(Records from a collection)
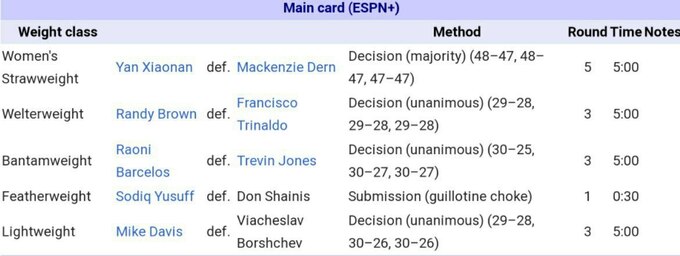 Главным боем была встреча Маккензи Дерн и Янь Сяонань. Китаянка решением судей победила представительницу Бразилии.
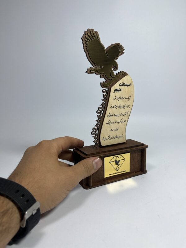 رنگ پس زمینه چوبی زیبای این تندیس افتخار، آن را به یک اثر هنری دکوراتیو تبدیل میکند که میتواند جلوهی زیبایی به هر فضایی ببخشد.
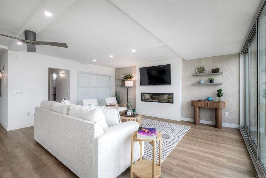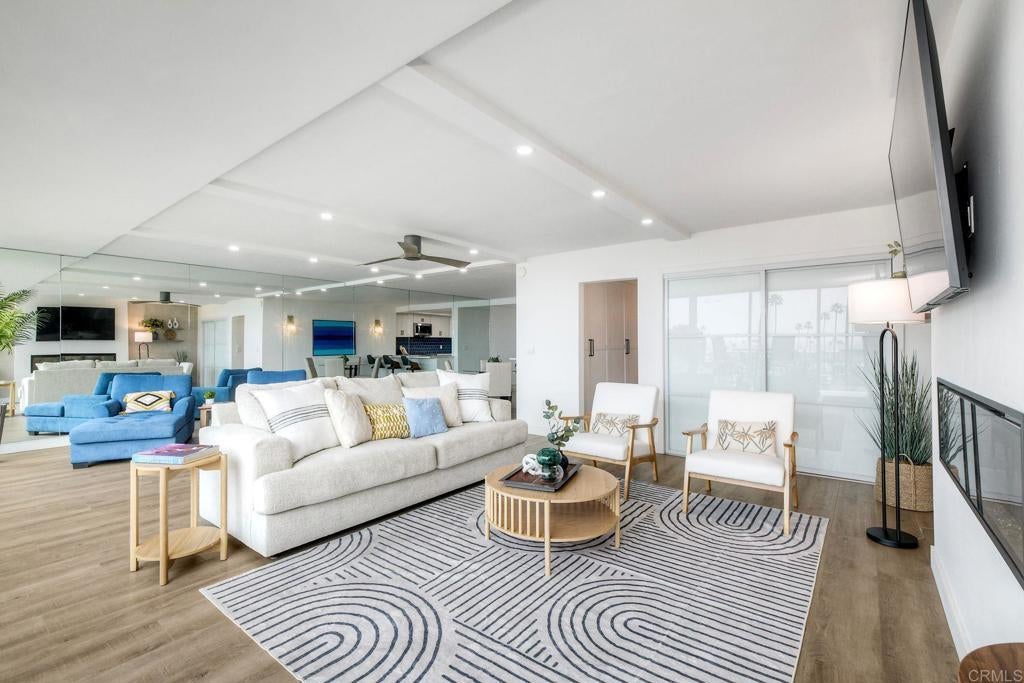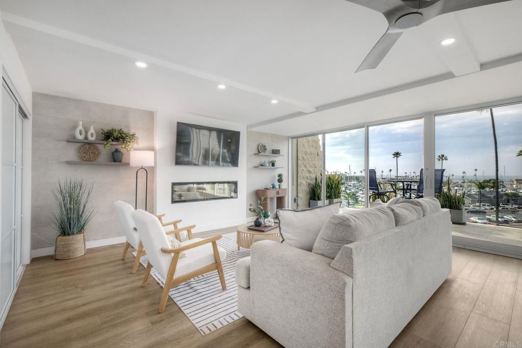 Situated on the first floor. No stairs! This beautiful home seamlessly blends indoor and outdoor living with sliding doors that open to a 220-square-foot deck which offers mesmerizing whitewater and harbor views. It is one of seven units in the building that boasts a deck spanning the entire width of the home! Indulge in the serene ritual of your morning coffee as the sea and harbor awaken and relish an evening cocktail beneath a sky illuminated by one of Oceanside's most breathtaking vistas. This exceptional residence at Oceanside Marina Towers is a true gem. Unit 1B also features a newer kitchen and updated baths, with indoor laundry, there is also a dedicated private EV charging station at the parking space - wow! The Marina Towers amenities include pool, spa, BBQ area, fitness center, clubhouse, and secured lobby. Water and basic cable are included in the HOA fees. This distinguished property is available with select furnishings too.
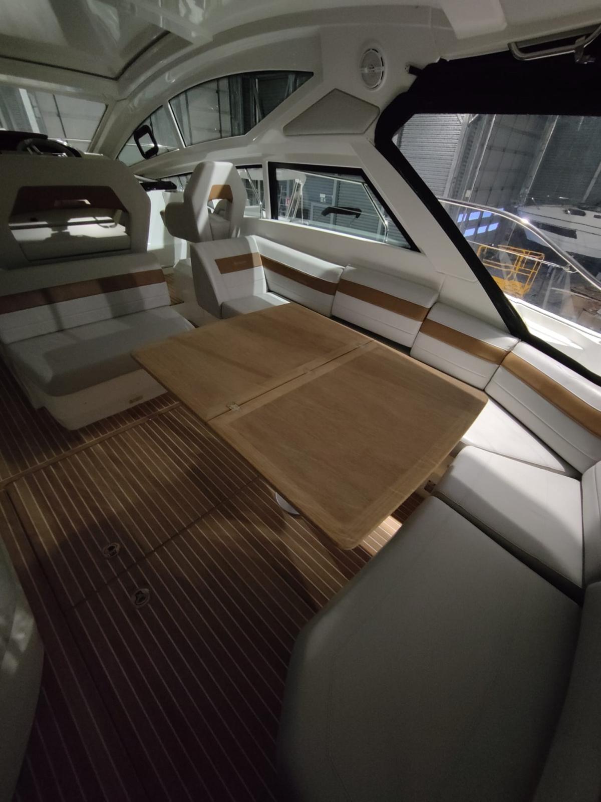 Douche de cockpit, Hard top, Spots sous-marins, Cockpit en teck, Prise de quai, Guindeau électrique, Echelle de bain, table de cockpit, Table pliante de salon.
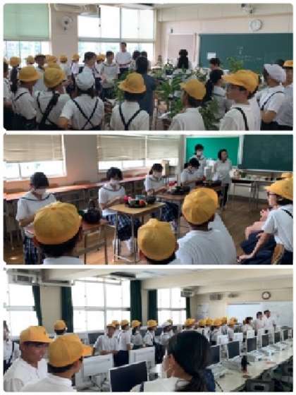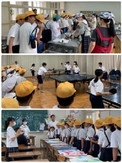 まずは、家庭科部・卓球部・美術部・パソコン部の見学をしています。

Work to be completed: Exactly the lines from the one containing "Douche de cockpit, Hard" through the last line of the data above should be output, both ends included, with every picture left out.

Response below:
 Douche de cockpit, Hard top, Spots sous-marins, Cockpit en teck, Prise de quai, Guindeau électrique, Echelle de bain, table de cockpit, Table pliante de salon.
 まずは、家庭科部・卓球部・美術部・パソコン部の見学をしています。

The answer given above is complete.